C# 将Excel快速导入数据表
我正在尝试将Excel文件读入Data.DataTable列表,尽管使用当前方法可能需要很长时间。我基本上是一个工作表一个工作表,一个单元格一个单元格地做,这往往需要很长时间。有没有更快的方法?这是我的密码:C# 将Excel快速导入数据表,c#,.net,excel,office-interop,C#,.net,Excel,Office Interop,我正在尝试将Excel文件读入Data.DataTable列表,尽管使用当前方法可能需要很长时间。我基本上是一个工作表一个工作表,一个单元格一个单元格地做,这往往需要很长时间。有没有更快的方法?这是我的密码: List<DataTable> List = new List<DataTable>(); // Counting sheets for (int count = 1; count < WB.Worksheets.Count; ++c
List<DataTable> List = new List<DataTable>();
// Counting sheets
for (int count = 1; count < WB.Worksheets.Count; ++count)
{
// Create a new DataTable for every Worksheet
DATA.DataTable DT = new DataTable();
WS = (EXCEL.Worksheet)WB.Worksheets.get_Item(count);
textBox1.Text = count.ToString();
// Get range of the worksheet
Range = WS.UsedRange;
// Create new Column in DataTable
for (cCnt = 1; cCnt <= Range.Columns.Count; cCnt++)
{
textBox3.Text = cCnt.ToString();
Column = new DataColumn();
Column.DataType = System.Type.GetType("System.String");
Column.ColumnName = cCnt.ToString();
DT.Columns.Add(Column);
// Create row for Data Table
for (rCnt = 0; rCnt <= Range.Rows.Count; rCnt++)
{
textBox2.Text = rCnt.ToString();
try
{
cellVal = (string)(Range.Cells[rCnt, cCnt] as EXCEL.Range).Value2;
}
catch (Microsoft.CSharp.RuntimeBinder.RuntimeBinderException)
{
ConvertVal = (double)(Range.Cells[rCnt, cCnt] as EXCEL.Range).Value2;
cellVal = ConvertVal.ToString();
}
// Add to the DataTable
if (cCnt == 1)
{
Row = DT.NewRow();
Row[cCnt.ToString()] = cellVal;
DT.Rows.Add(Row);
}
else
{
Row = DT.Rows[rCnt];
Row[cCnt.ToString()] = cellVal;
}
}
}
// Add DT to the list.
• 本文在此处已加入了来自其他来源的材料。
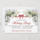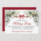 Watercolor Greenery Red Bow Holiday Party Invitation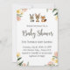 Un baby shower à thème boisé invitation avec animaux et fleurs.
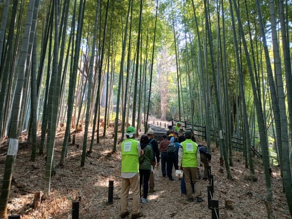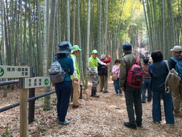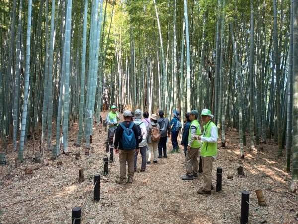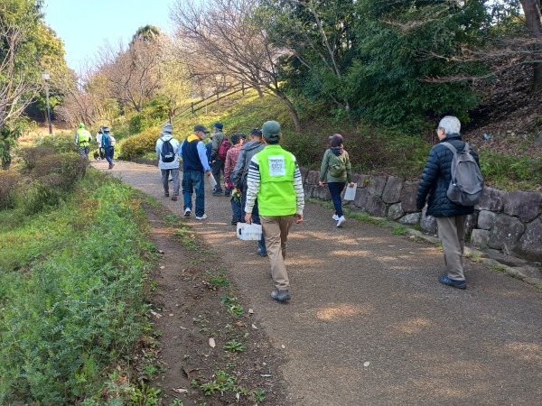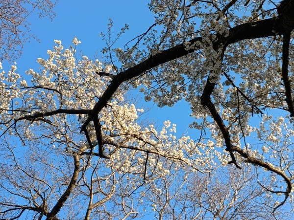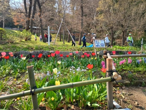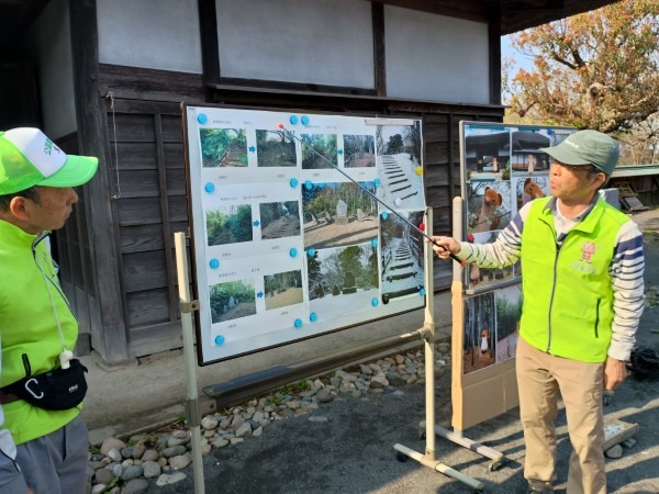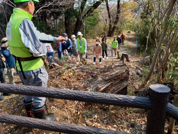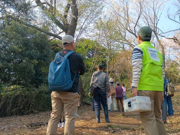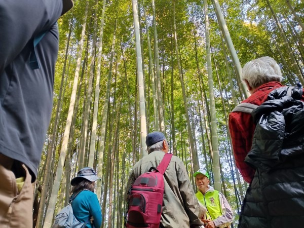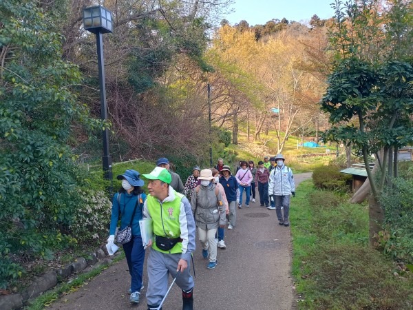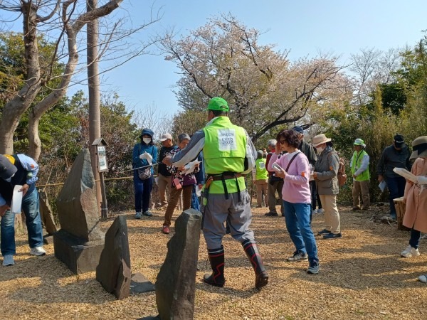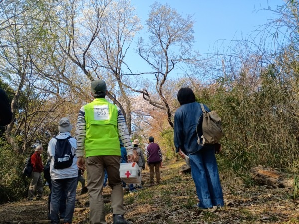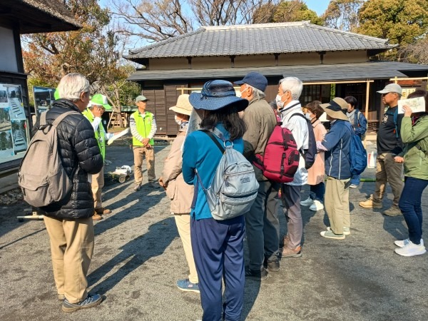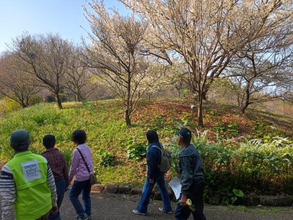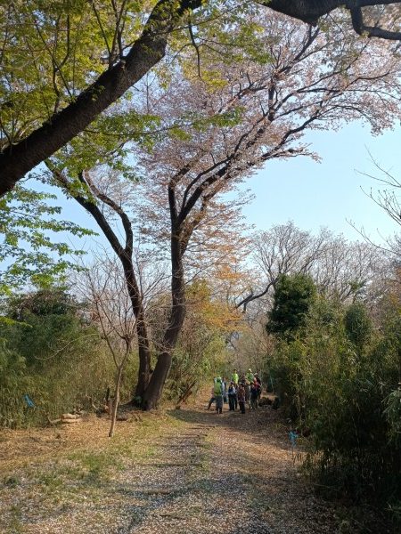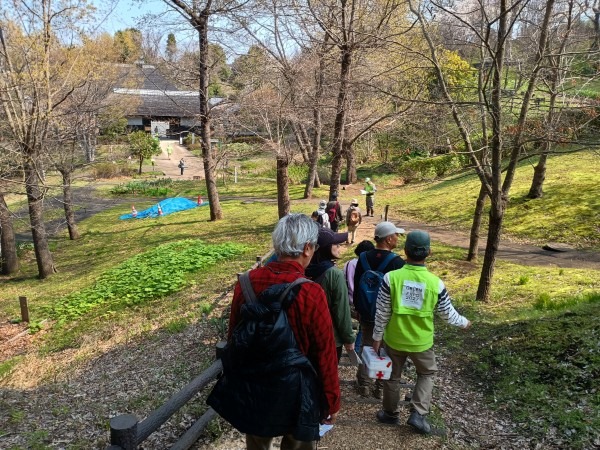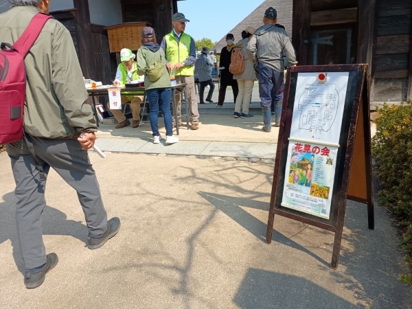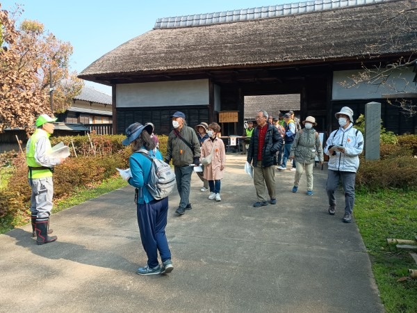 3月29日(日)の花見の会の当日、関連イベントの観桜ウォーキングが予定通り開催されました。朝8時半に集合し、花見の会が始まる10時の30分くらい前までには古民家ゾーンに戻ってくる予定でしたが、途中途中でのガイドさんのお話に夢中になっていたら、いつの間にか開演10分前になってしまいました。

Then go to the next sheet in the Excel Workbook
List.Add(DT);
}
List List=新列表();
//计票单
对于(int count=1;count 对于(cCnt=1;cCnt请查看以下链接
(发布6个解决方案)
校准.Value2
是一项昂贵的操作,因为这是一个COM互操作调用。我会将整个范围读取到一个数组中,然后在数组中循环:
object[,] data = Range.Value2;
// Create new Column in DataTable
for (int cCnt = 1; cCnt <= Range.Columns.Count; cCnt++)
{
textBox3.Text = cCnt.ToString();
var Column = new DataColumn();
Column.DataType = System.Type.GetType("System.String");
Column.ColumnName = cCnt.ToString();
DT.Columns.Add(Column);
// Create row for Data Table
for (int rCnt = 1; rCnt <= Range.Rows.Count; rCnt++)
{
textBox2.Text = rCnt.ToString();
string CellVal = String.Empty;
try
{
cellVal = (string)(data[rCnt, cCnt]);
}
catch (Microsoft.CSharp.RuntimeBinder.RuntimeBinderException)
{
ConvertVal = (double)(data[rCnt, cCnt]);
cellVal = ConvertVal.ToString();
}
DataRow Row;
// Add to the DataTable
if (cCnt == 1)
{
Row = DT.NewRow();
Row[cCnt.ToString()] = cellVal;
DT.Rows.Add(Row);
}
else
{
Row = DT.Rows[rCnt + 1];
Row[cCnt.ToString()] = cellVal;
}
}
}
object[,]data=Range.Value2;
//在DataTable中创建新列
对于(int-cCnt=1;cCntMS Office互操作速度较慢,甚至Microsoft也不建议在服务器端使用互操作,并且无法用于导入大型Excel文件。有关更多详细信息,请参阅Microsoft的观点
相反,您可以使用任何Excel库,例如。这是一个显示如何读取Excel文件的代码示例:
ExcelDocument workbook = new ExcelDocument();
DataSet ds = workbook.easy_ReadXLSActiveSheet_AsDataSet("excel.xls");
DataTable dataTable = ds.Tables[0];
如果您的Excel文件有多个工作表或仅用于导入单元格区域(为了获得更好的性能),请查看更多的代码示例。以防其他人使用EPPlus。此实现非常简单,但有一些注释会引起注意。如果您要再层一个方法GetWorkbookAsDataSet()
在顶部,它可以满足OP的要求
/// <summary>
/// Assumption: Worksheet is in table format with no weird padding or blank column headers.
///
/// Assertion: Duplicate column names will be aliased by appending a sequence number (eg. Column, Column1, Column2)
/// </summary>
/// <param name="worksheet"></param>
/// <returns></returns>
public static DataTable GetWorksheetAsDataTable(ExcelWorksheet worksheet)
{
var dt = new DataTable(worksheet.Name);
dt.Columns.AddRange(GetDataColumns(worksheet).ToArray());
var headerOffset = 1; //have to skip header row
var width = dt.Columns.Count;
var depth = GetTableDepth(worksheet, headerOffset);
for (var i = 1; i <= depth; i++)
{
var row = dt.NewRow();
for (var j = 1; j <= width; j++)
{
var currentValue = worksheet.Cells[i + headerOffset, j].Value;
//have to decrement b/c excel is 1 based and datatable is 0 based.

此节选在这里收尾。